Umfrage

Wo Frauen sich in Hamburg unsicher fühlen

Eine Joggerin im Wald. In einsamen Gegenden fühlen sich viele Frauen unsicher (Symbolbild).

Eine Joggerin im Wald. In einsamen Gegenden fühlen sich viele Frauen unsicher (Symbolbild).

Foto: Imago

Umfrage von Plan International zeigt, dass viele Angst in der eigenen Stadt haben. Welche Orte in der Hansestadt ein Problem sind.

Hamburg.  Kaum eine Frau fühlt sich sicher, wenn sie in Hamburg, Berlin, Köln oder München unterwegs ist. Das ist das Ergebnis der von der Kinderschutzorganisation Plan International von Januar bis März 2020 durchgeführten Befragung „Safe in the City?“ zur gefühlten Sicherheit in deutschen Großstädten. Knapp 1000 Teilnehmerinnen setzten dazu auf interaktiven Städtekarten Markierungen an Orten, die sie in der Hauptsache abends und in der Nacht als sicher oder unsicher erlebt hatten. In Hamburg fühlen sich die Mädchen und Frauen vor allem am Hauptbahnhof und auf der Reeperbahn unsicher.
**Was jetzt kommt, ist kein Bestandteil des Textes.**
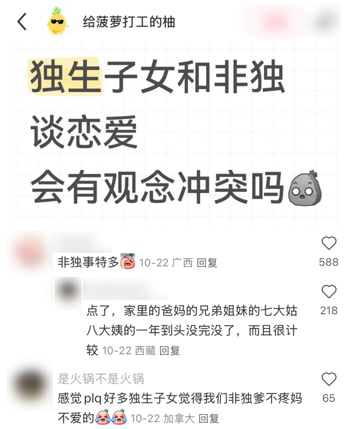 ▲图源:拾叁先生如果你是非独,却凡事不爱与家人分享,遇事也不找兄弟姐妹商量,表现得更像个独生子女;就会被外界解读为:

Von den in Hamburg gesetzten Ortsmarkierungen wurden 85 Prozent als negativ eingestuft. Die Frauen begründeten dies beispielsweise mit aufdringlichen Sprüchen beim Joggen im Park, mit schlecht beleuchteten Straßen auf dem Heimweg, Verfolgungen oder unsittlichen Berührungen. Vor allem auf den Straßen (53 Prozent), in öffentlichen Verkehrsmitteln (19 Prozent) und in Parks (19 Prozent) fühlten sich die Hamburgerinnen unsicher – besonders nachts.
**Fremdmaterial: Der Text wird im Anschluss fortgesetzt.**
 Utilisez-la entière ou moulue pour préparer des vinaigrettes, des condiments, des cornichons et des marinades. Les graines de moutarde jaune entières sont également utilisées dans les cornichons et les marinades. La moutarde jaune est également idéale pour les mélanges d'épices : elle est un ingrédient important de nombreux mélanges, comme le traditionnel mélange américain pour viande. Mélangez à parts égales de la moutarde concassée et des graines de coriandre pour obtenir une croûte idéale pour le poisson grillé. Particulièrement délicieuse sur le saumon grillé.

Schlecht beleuchtete Wege und einsame Gegenden verunsichern Frauen

Maike Röttger, Geschäftsführerin von Plan International Deutschland sagte: „Unsere Umfrage zeigt, dass Mädchen und Frauen sich in ihrer Stadt nicht wirklich sicher und frei bewegen können. Im Schnitt hat jede der Teilnehmerinnen einen unsicheren Ort in ihrem Umfeld markiert.“ Jede vierte Frau habe sexuelle Belästigung erlebt und jede fünfte sei schon einmal verfolgt, beschimpft und bedroht worden. „Ein Ergebnis, das uns sehr zu denken gibt“, so Röttger.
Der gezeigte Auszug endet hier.